▶ [EXERCISE DETAILS]: When you transcribe the lines below, keep every word the same and leave the pictures behind.

▶ [DATASET SECTION]:
----

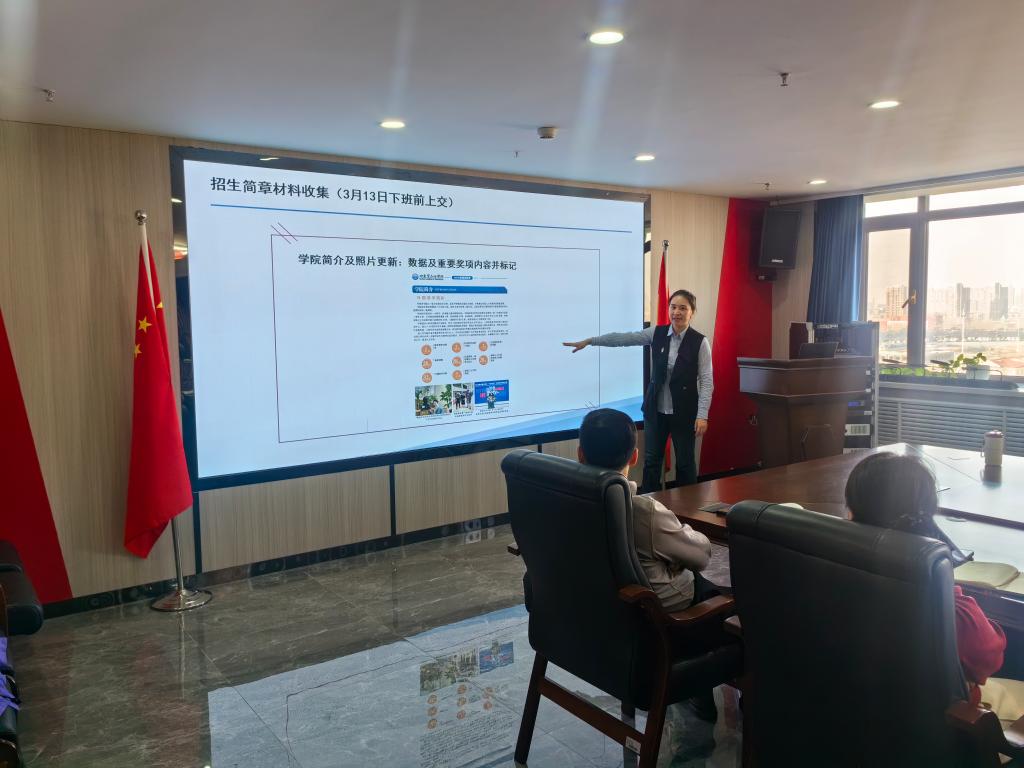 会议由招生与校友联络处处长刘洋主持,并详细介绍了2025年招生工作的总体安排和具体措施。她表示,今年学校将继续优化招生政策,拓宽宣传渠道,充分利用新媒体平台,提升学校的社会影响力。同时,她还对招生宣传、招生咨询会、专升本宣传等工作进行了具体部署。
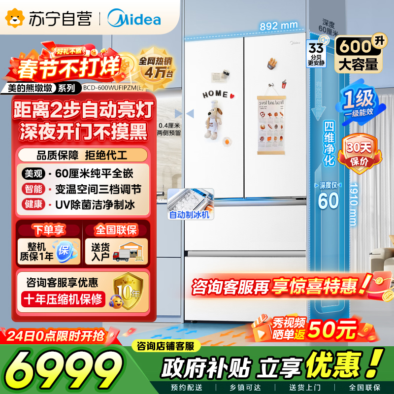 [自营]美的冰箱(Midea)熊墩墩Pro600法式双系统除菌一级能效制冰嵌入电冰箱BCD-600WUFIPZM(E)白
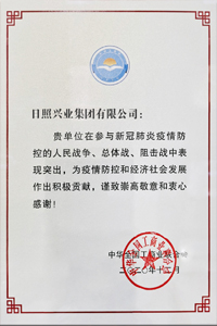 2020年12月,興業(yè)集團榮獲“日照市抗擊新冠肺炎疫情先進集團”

----

▶ [RESPONSE FOR THIS EXERCISE]:
 会议由招生与校友联络处处长刘洋主持,并详细介绍了2025年招生工作的总体安排和具体措施。她表示,今年学校将继续优化招生政策,拓宽宣传渠道,充分利用新媒体平台,提升学校的社会影响力。同时,她还对招生宣传、招生咨询会、专升本宣传等工作进行了具体部署。
 [自营]美的冰箱(Midea)熊墩墩Pro600法式双系统除菌一级能效制冰嵌入电冰箱BCD-600WUFIPZM(E)白
 2020年12月,興業(yè)集團榮獲“日照市抗擊新冠肺炎疫情先進集團”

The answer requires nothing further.